HART: Biden, his time
The field of Democratic presidential candidates is in disarray. How bad is it? It’s so bad that the encouraged and anticipated entry of Joe Biden couldn't make it any worse.
Joe Biden has been a perpetual punchline for the last seven years. He was put into his role as VP by President Obama apparently to dispel, forever, the notion of white supremacy. But compared to Bernie Sanders and the untrustworthy Hillary Clinton, Joe Biden looks like he belongs on Mount Rushmore.
Being Joe Biden is an ongoing indignity. He is known to insist on swimming nude daily and making his Secret Service agents watch. If he leads our military and the free world, I guess he will be the Commando-in-Chief.
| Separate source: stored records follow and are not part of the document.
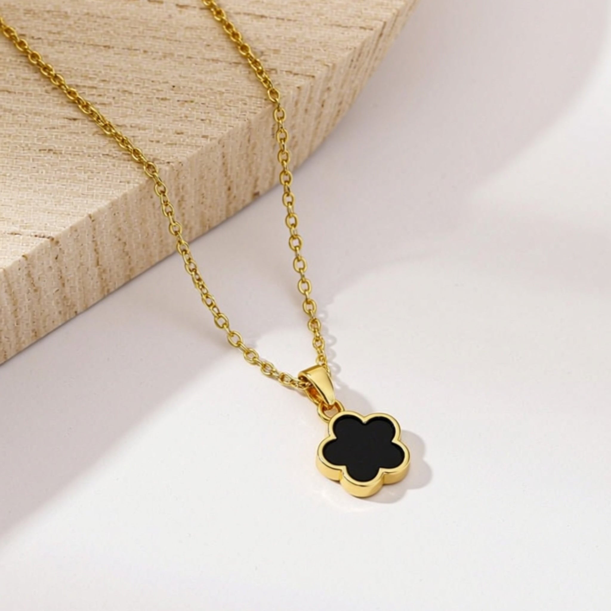 Add a touch of elegance and symbolism to your jewelry collection with this beautiful black clover necklace. Designed to represent luck, harmony, and timeless style, the clover pendant features a rich black finish that creates a striking contrast and a sophisticated look.
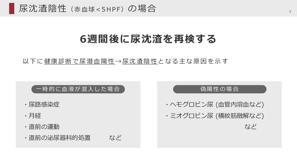 #7. 尿沈渣陰性(⾚⾎球<5HPF)の場合 7 6週間後に尿沈渣を再検する 以下に健康診断で尿潜⾎陽性→尿沈渣陰性となる主な原因を⽰す ⼀時的に⾎液が混⼊した場合 偽陽性の場合 ・尿路感染症 ・ヘモグロビン尿 (⾎管内溶⾎など) ・⽉経 ・ミオグロビン尿 (横紋筋融解など) ・直前の運動 ・直前の泌尿器科的処置 など など
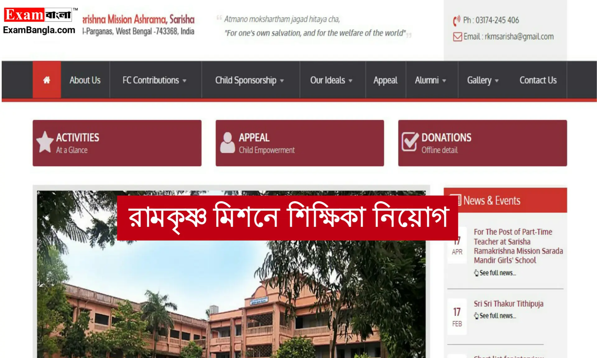 রামকৃষ্ণ মিশন সারদা মন্দির গার্লস স্কুল, সরিষার তরফে সম্প্রতি একটি শিক্ষিকা নিয়োগ বিজ্ঞপ্তি প্রকাশ করা হয়েছে। পশ্চিমবঙ্গের যেকোনো জেলার উপযুক্ত চাকরিপ্রার্থীরা এই পদের শিক্ষিকতার জন্য আবেদন করতে পারবেন। আবেদন পদ্ধতি সহ অন্যান্য বিস্তারিত তথ্য নিয়ে আজকের এই প্রতিবেদন পেশ করা হল।

And he is known for always being wrong. Until their drubbing in the last election, Biden maintained that the Democrats would hold the Senate. In his book "Duty," former Secretary of Defense Robert Gates boldly said, “I think he (Biden) has been wrong on nearly every major foreign policy and national security issue over that past four decades.”
But Biden touts his foreign affairs bona fides; this is puzzling, given what Secretary Gates said and Biden's implication that al-Qaeda had been defeated. This is the same Biden/Obama team who traded five Taliban leaders for one U.S. deserter, Bowe Bergdahl. Obama tried to include Joe Biden in the deal; the terrorists said “No way!”
Through his press secretary, President Obama reiterated his long-held statement that tapping Joe Biden for VP was the “smartest decision he has ever made in politics.” Considering Obama’s other decisions, this is sadly true — and telling. They’re a team.
There was one scary time when both Obama and Biden were out of the country and we worried about who had our nuclear launch codes. It was comforting to know that, with Biden out of pocket, the nuclear codes were given to North Korea’s envoy, Dennis Rodman.
On the bright side, Biden told a South Carolina Democratic fund-raising event that, if he ran, he promised to serve only one term as president. Nothing makes you feel more confident and secure about a leader than a promise to get his presidency over as quickly as possible.
Biden has already started acting presidential: He will launch an expensive website that doesn’t work and will soon start dividing the country by race.
So Uncle Joe has to make his decision to run pretty soon. He’s just waiting to see if Hillary continues to slide in the polls or gets perp-walked. If arrested, Hillary may still replace Obama; with Dems, even in prison jumpsuit orange, she’s the new black.
She is losing to Bernie Sanders in New Hampshire, and her support is down by 33 percent in Iowa.
Obama and Biden control her fate in their selective prosecution decisions.
The Obama Injustice Department must decide if it will prosecute Hillary over her nefarious use of a personal email server and destruction of evidence. Hillary was happy to see her campaign sign, “Ready for Hillary,” in D.C. Unfortunately, it was in front of the Federal Courthouse.
Joe Biden met with left-wing cover girl Elizabeth Warren, telegraphing a run. Neither has email issues; Biden does not know how to use email, and Senator Warren only communicates with smoke signals.
Next for Joe Biden is campaigning in Iowa. He has to be careful. The last time he was in Iowa he got stuck in a corn maze for days. It was the oddest thing he’d ever done since whatever he did the day before.
President Obama is encouraging Biden to run in order to extend his legacy. Obama knows that his work is not complete: The racial divide is not wide enough, only 45 million Americans are on food stamps, and only 93 million are out of the labor force. Obamacare, his energy policy, taxes and regulations have not put enough American companies out of business or forced them to move overseas.
With polls saying that "liar" is the first word that comes to mind when Hillary Clinton’s name is mentioned, things are shaping up well for a Joe Biden run. Until the last few months, the national joke that was Joe Biden's unserious nature made it impossible for him to run. But Donald Trump’s success gives him encouragement that anything is possible.
The race could be Biden v. Trump: “Plugs versus Rugs." We live in a Kardashian-like world now. We no longer want political leaders who will lead us; we prefer, instead, that they entertain us.